Some of its partners under the International Socialist Organisation led by Munyaradzi Gwisai felt strongly that MDC must support the acquisition of land by the black population, which hitherto had been crowded in semi-arid and unproductive reserves.
MDC never sat down and crafted an alternative means of distributing land to the landless and thus started to parrot the unsustainable and tired message of the commercial white farmers of the time who were advocating the ‘willing buyer/willing seller’ programme. Gwisai and company were booted out of the movement.

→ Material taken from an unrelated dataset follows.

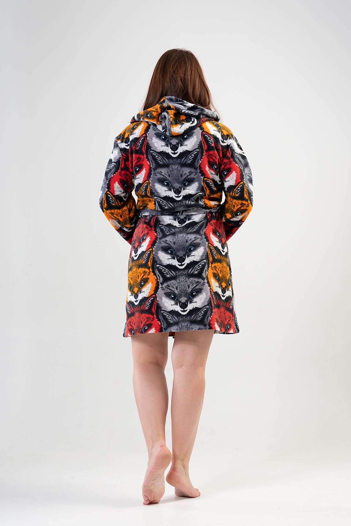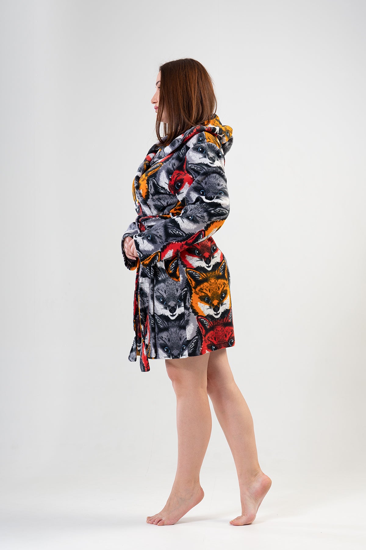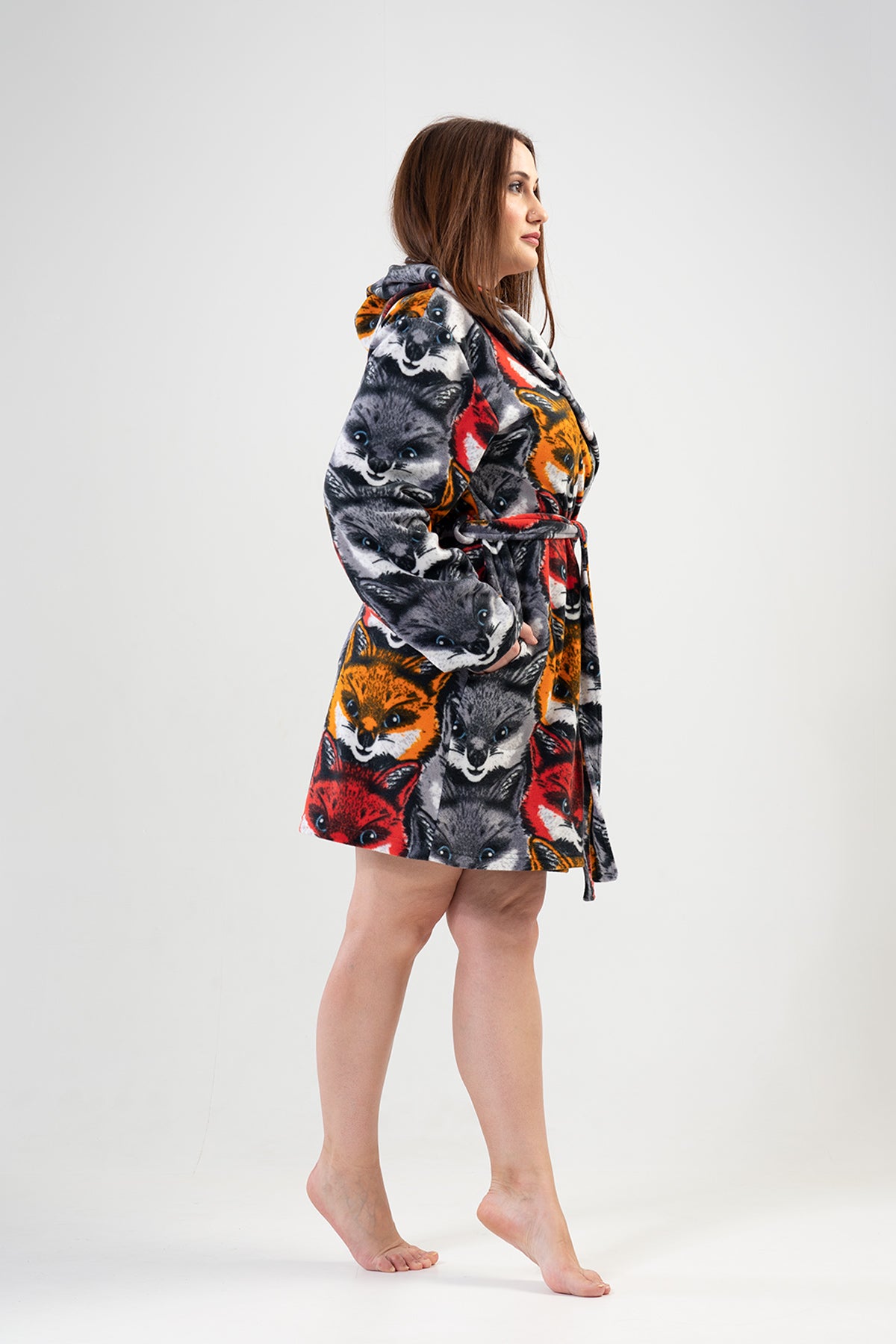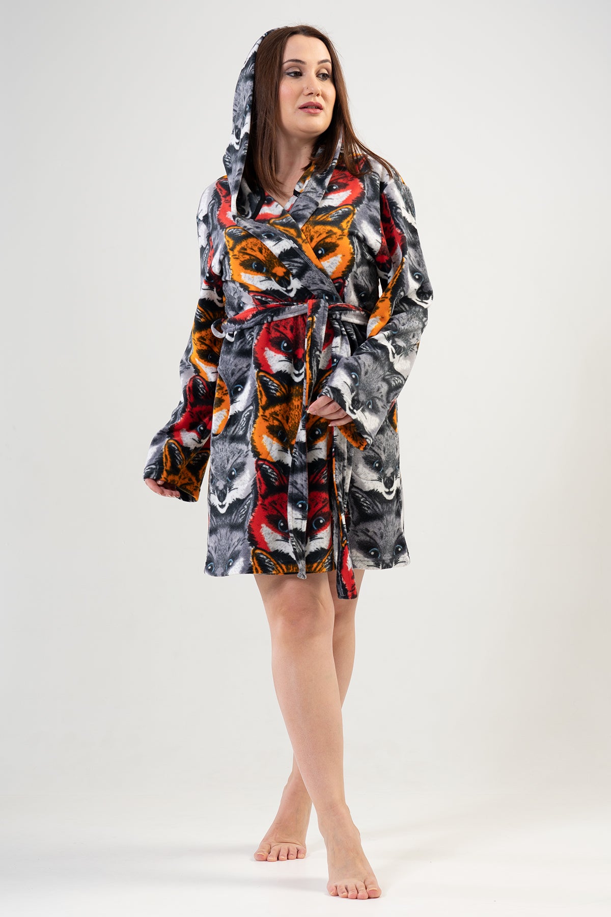 WOMEN'S FLEECE XXL HOODED LONG-SLEEVE SHORT ROBE 201040

The second test came in 2005 when the then secretary general Welshman Ncube squared off with Tsvangirai, leading to the violent and bloody break-up of the movement. And now after 15 years of existence, MDC has finally all but disbanded into various fractions of its former self.
One can clearly see that the MDC failed to come up with an alternative vision of transforming Zimbabwe, which would go beyond removing Zanu-PF. If they had such a vision, then the Inclusive Government would have been an opportunity to showcase their vision.
Pride Mkono is former president of Zinasu and political commentator.